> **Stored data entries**
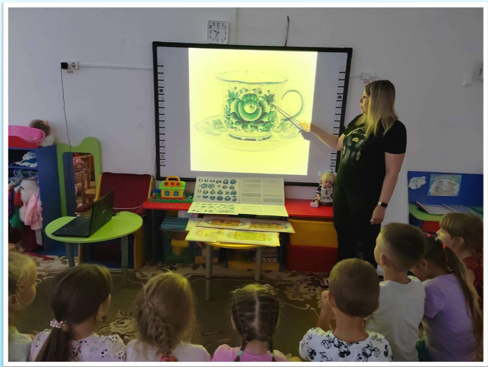
Знакомство с декоративно – прикладным искусством.
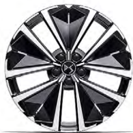
Zliatinové disky 19" EDINBURGH (ZHWO) v sérii pre PALLAS, ÉTOILE, COLLECTION Antoine de Saint Exupéry a ÉDITION FRANCE
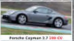
Porsche Cayman 2.7 300 CV

VEHICLE - AMAQ 2011 - Riproduzione in Abbinamento Pubblicità - D.L. 30/03/2002 (art. 1, comma 1) - D.C. Roma - Distribuzione: C.D.M. Centro Distribuzione Media - Roma - Tel. 06/5200400 - www.europa-sport.it
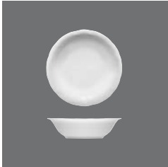
Salatiere rund, Salad dish round, Saladier rond, Ensaladera redonda, Insalatiera rotonda
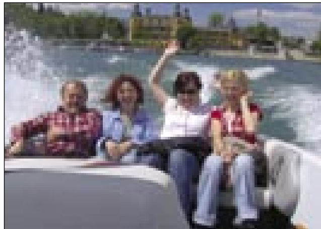
Del članov pevskega zbora na Vrbskem jezeru

Hemmaberg). Na goro sv. Heme so že v starom veki romali lidgé, steri so iskali smiseu svojoga življenja. Arheologuške so vōskopali pet cerkva, štera nam kažejo duhovno moč toga kraja.
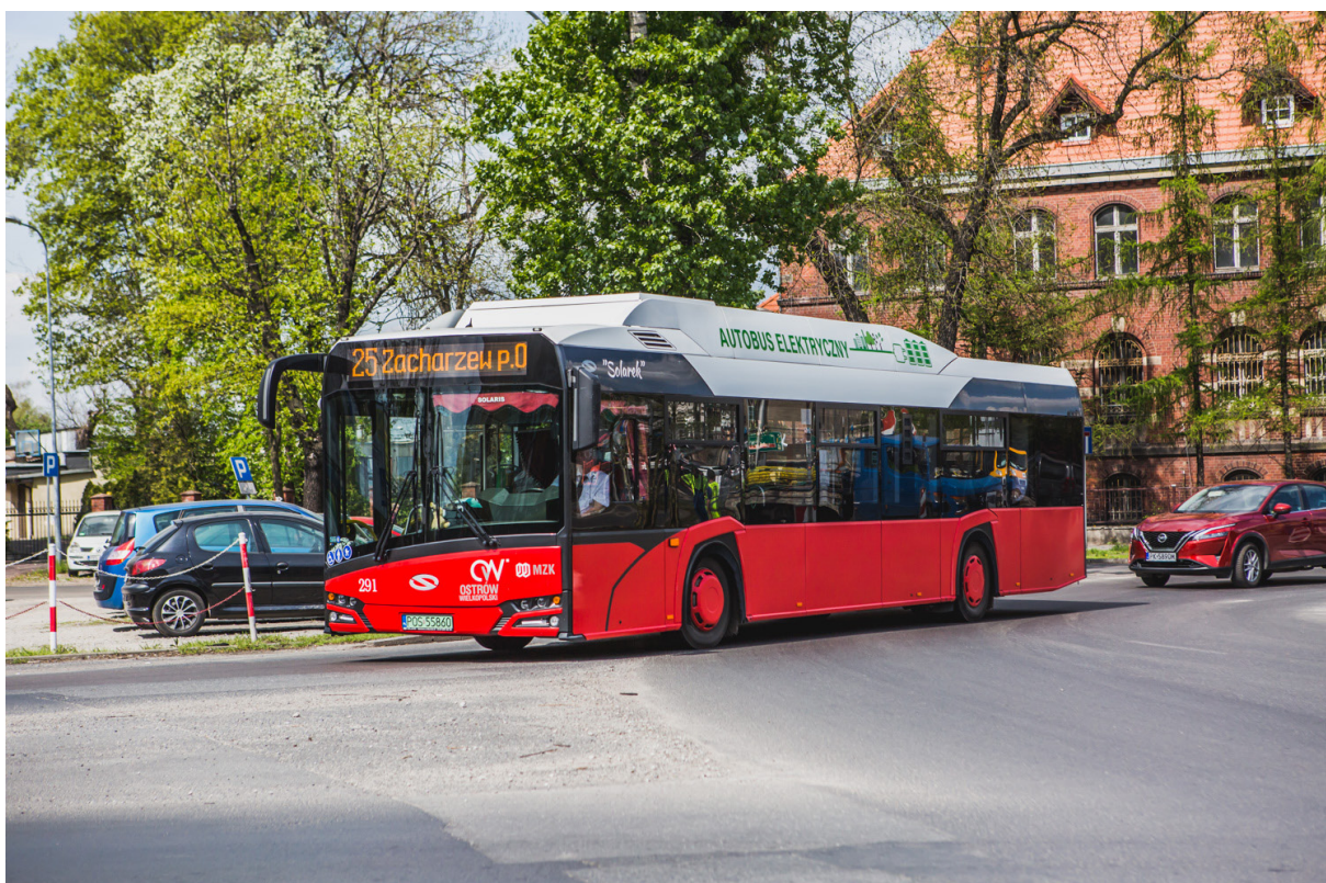
Bezpłatne przejazdy komunikacją miejską

Rada Miejska Ostrowa Wielkopolskiego podjęła uchwałę dotyczącą darmowego transportu autobusami MZK dla uchodźców z Ukrainy. Darmowe przejazdy obowiązują do końca czerwca tego roku. Mogą z nich skorzystać obywatele Ukrainy, którzy przyjechali do Polski po 24 lutego tego roku.
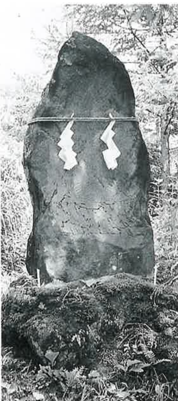
6 岩菅権現碑(不動明王) 志賀高原 菅打(140×68×30)
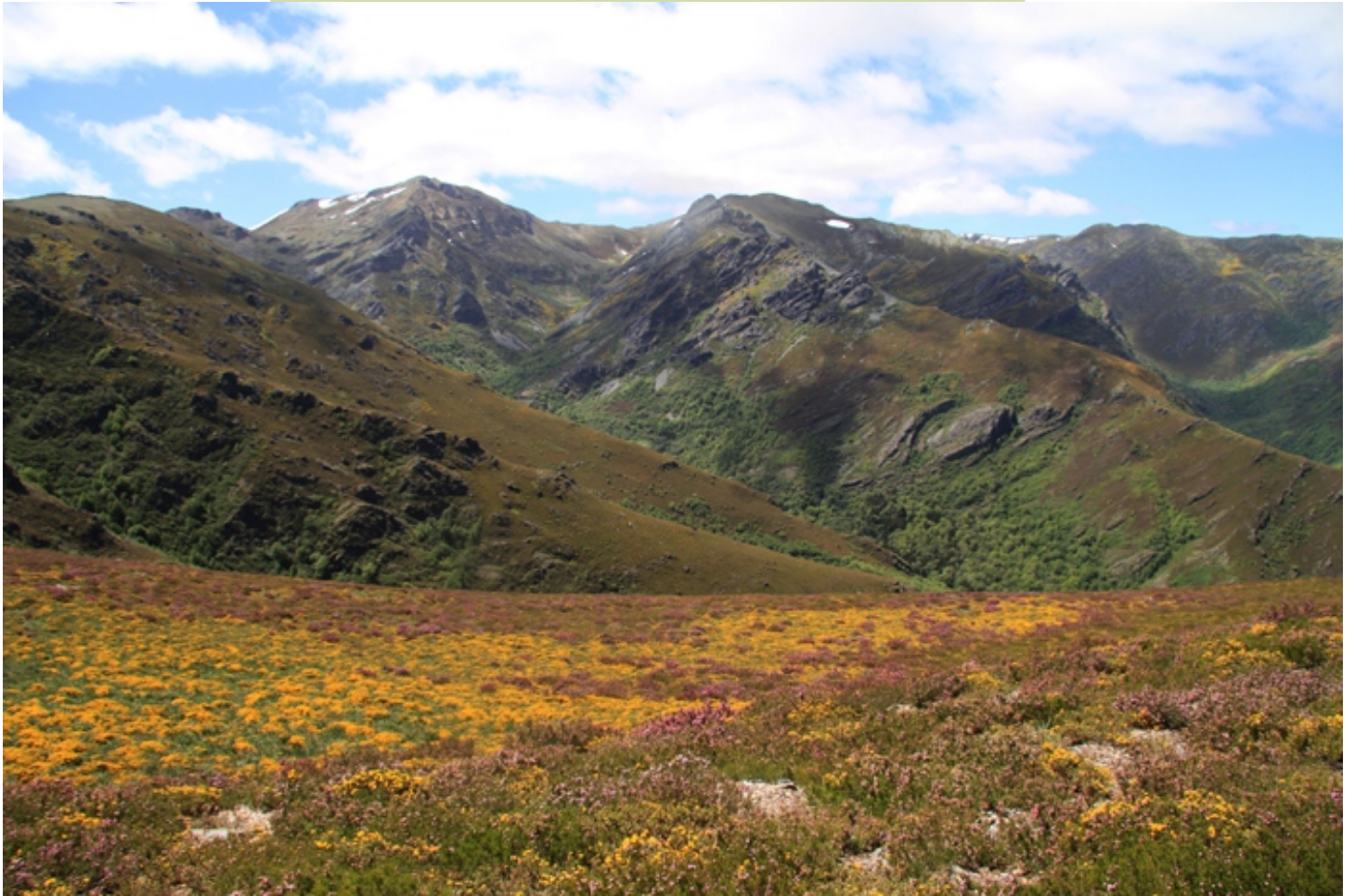
O Teixidal e Pena Survia, desde A Cabrita.

> **Work instruction**
Set down precisely the lines above between the line holding "Bezpłatne przejazdy komunikacją miejską" and the line holding "Rada Miejska Ostrowa", inclusive, and nothing beyond them.

> **Result for this exercise**
Bezpłatne przejazdy komunikacją miejską

Rada Miejska Ostrowa Wielkopolskiego podjęła uchwałę dotyczącą darmowego transportu autobusami MZK dla uchodźców z Ukrainy. Darmowe przejazdy obowiązują do końca czerwca tego roku. Mogą z nich skorzystać obywatele Ukrainy, którzy przyjechali do Polski po 24 lutego tego roku.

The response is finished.